If the volume is in attached state and healthy, Longhorn will automatically do a live upgrade for the volume’s engine to the new default engine image.
Longhorn automatically does an offline upgrade for detached volume.
Disaster Recovery Volumes
Longhorn doesn’t automatically upgrade disaster recovery volumes to the new default engine image because it would trigger a full restoration for the disaster recovery volumes.
The full restoration might affect the performance of other running Longhorn volumes in the system.
So, Longhorn leaves it to you to decide when it is the good time to manually upgrade the engine for disaster recovery volumes (e.g., when the system is idle or during the maintenance time).
However, when you activate the disaster recovery volume, it will be activated and then detached.
At this time, Longhorn will automatically do offline upgrade for the volume similar to the detached volume case.

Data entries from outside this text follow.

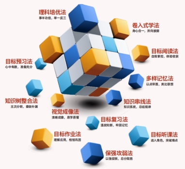 “目标学习法”:通过目标预习、目标听课、目标作业、目标复习……让学生成为学习真正的主人,通过四大目标闭环提升学生心力、丰盛心法、倍增心能,实现“学习难学”到“难学能学”的突破……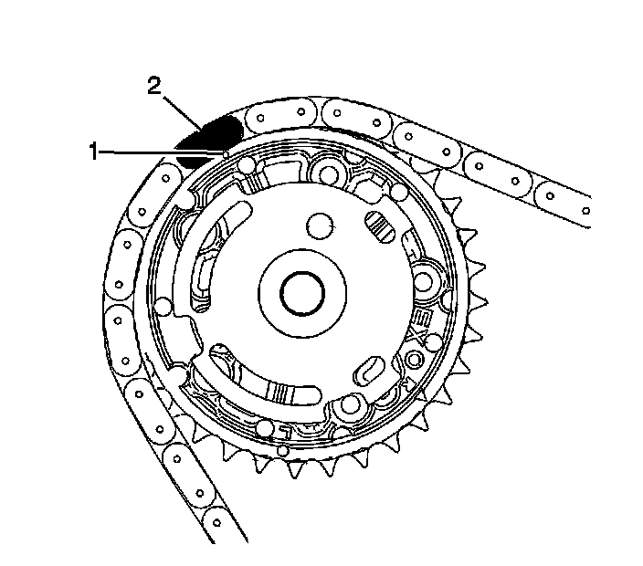 3. The left camshaft intermediate drive chain idler timing mark (1) will align with a timing camshaft drive chain link (2).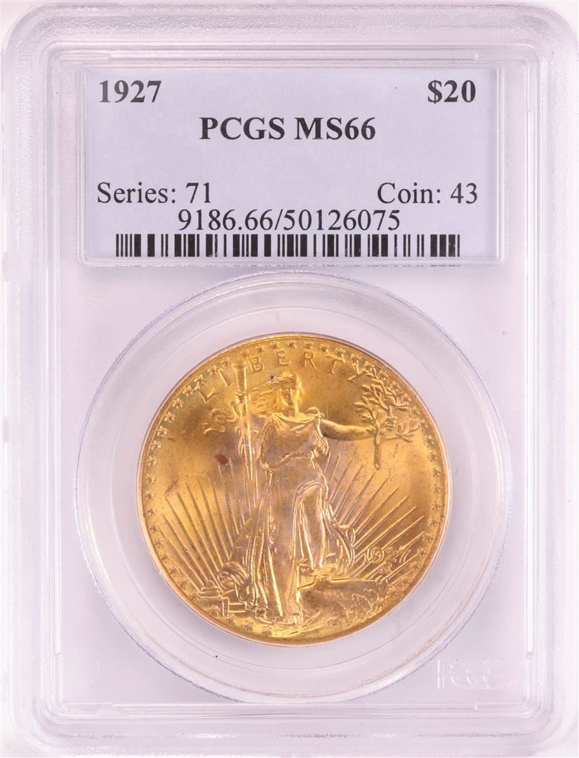 One 1927 $20 St. Gaudens Double Eagle Gold Coin PCGS MS66. PCGS Graded.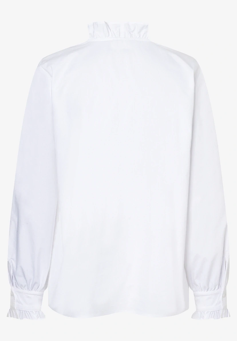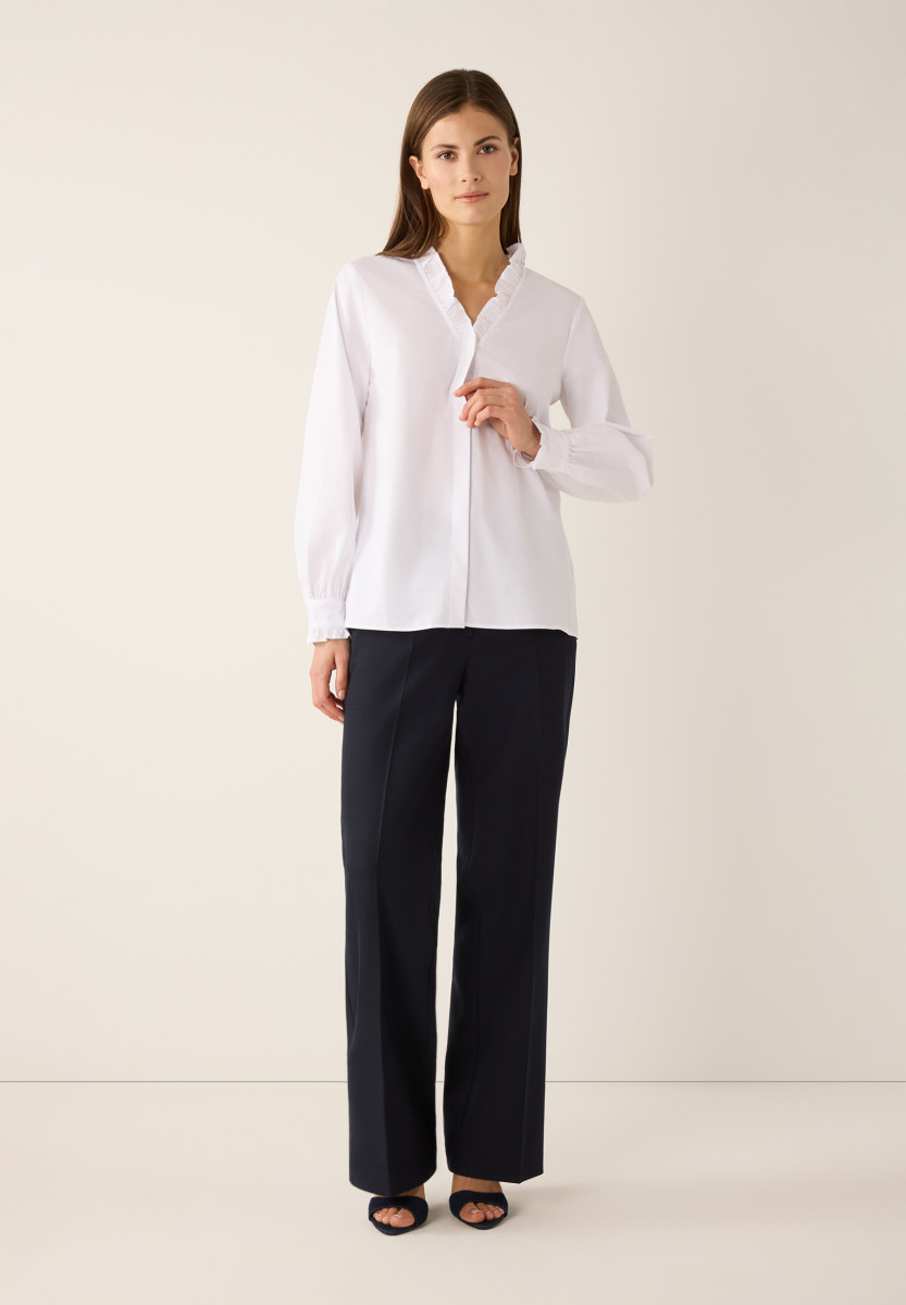 Gerade Form | Verdeckte Knopfleiste | V-Ausschnitt mit Rüsche | Lange Ärmel mit geknöpften Manschetten und Rüschenkante | Angenehm elastisch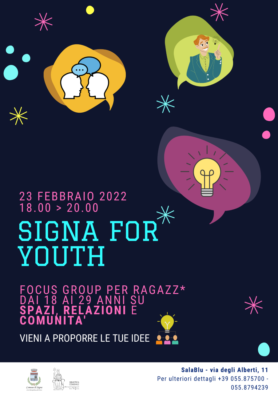 In programma per mercoledì 23 febbraio in SalaBlu a partire dalle 18.00 l’iniziativa SIGNA FOR YOUTH alla presenza del sindaco Giampiero Fossi e dell’assessore Gabriele Scalini. Una serata dedicata a ragazz* dai 18 ai 29 anni per raccogliere le loro idee e proposte sullo sviluppo del territorio. Un focus group su spazi, relazioni e comunità dal punto di vista dei più giovani, per indagare le loro esigenze e guardare al miglioramento dell’offerta comunale da un’altra prospettiva. L’iniziativa si svolgerà nel rispetto della normativa anticontagio: è fatto obbligo di indossare mascherine FFP2 e l’esibizione del super green pass per l’accesso.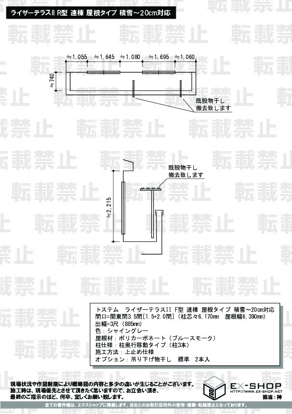 ライザーテラスII R型の施工をご依頼頂きまして、誠に有難うございます。綺麗にカーブしたお屋根が、雨風の吹き込みや日差しの差し込みを防ぎ、快適にご利用頂けるものと存じます。今後は、丁寧な対応とともに、スピードの面でもご満足頂けますよう、努力して参りたいと存じます。また機会がございましたら、是非エクスショップにご用命くださいますよう、宜しくお願い致します。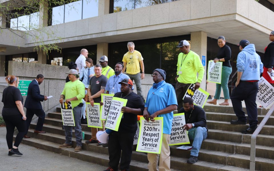 In an interview with TCB, UE representative Dante Strobino said that the main departments in Greensboro’s union are field operations and water resources workers, but that some workers in the libraries, parks and recreation, and engineering and inspections were attending the protest as well.

3. What Happened If The Upgrade Fails?
If a volume failed to upgrade its engine, the engine image in volume’s spec will remain to be different than the engine image in the volume’s status.
Longhorn will continuously retry to upgrade until it succeeds.
If there are too many volumes that fail to upgrade per node (i.e., more than the concurrent automatic engine upgrade per node limit setting),
Longhorn will stop upgrading volume on that node.